In this case it doesn't matter if you DROP or REJECT the packet (except the connection timeout vs the connection refusal)
If theres no response you know theres a firewall in place otherwise another (properly configured) host would have send a icmp host/network unreachable. Your machine is not invisible just because you DROP IP connections.
True, but if you're in control of a network, and everyone's equally "hidden", then it makes it a little harder for an attacker to find a real machine. After all, it's rare for all the IP addresses on your class B to be used...
If the attacker tries port 1 against 196.30.15.1, port 2 against 196.30.15.2 etc, he'll find your machine and attack. This is one of the port scans I've seen in use against my old work.
If you drop everything (except for externally available ports), then there's a good chance the attacher won't try (say) port 21 against 196.30.15.82, and so won't see that that machine exists.

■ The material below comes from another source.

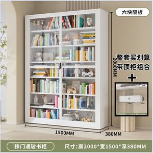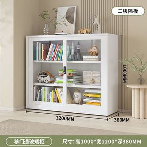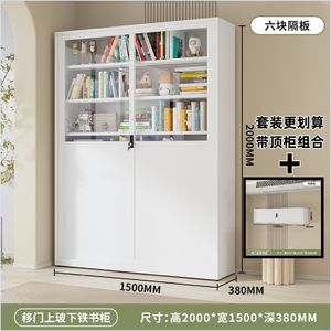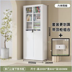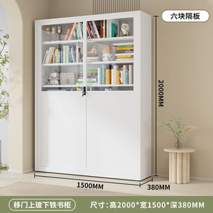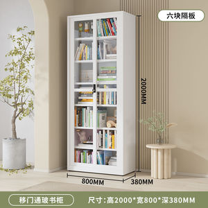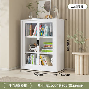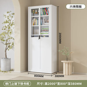 钢制移门书柜推拉门家用文件资料文具手办展示收纳柜铁艺书架带锁
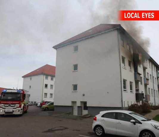 Flammerne er på lejlighedens altan, men giver røggener i...

What prevents the attacker from starting multiple scans at once?
Nothing at all. Sometimes a scan is for all ports on one IP address, or for one port on all IP addresses, sometimes it's the method I described. It seems to depend on the tool the attacker's using.
Dropping packets is actually a line of defense, and you really should use it.
again there are different opinions about this topic, everyone should decide on his own if DROP or REJECT is his choice.
I guess I'll read up some more on this. I'd always been told (and it seemed reasonable to me) that dropping's a good idea. Thanks for helping open my mind! Tom.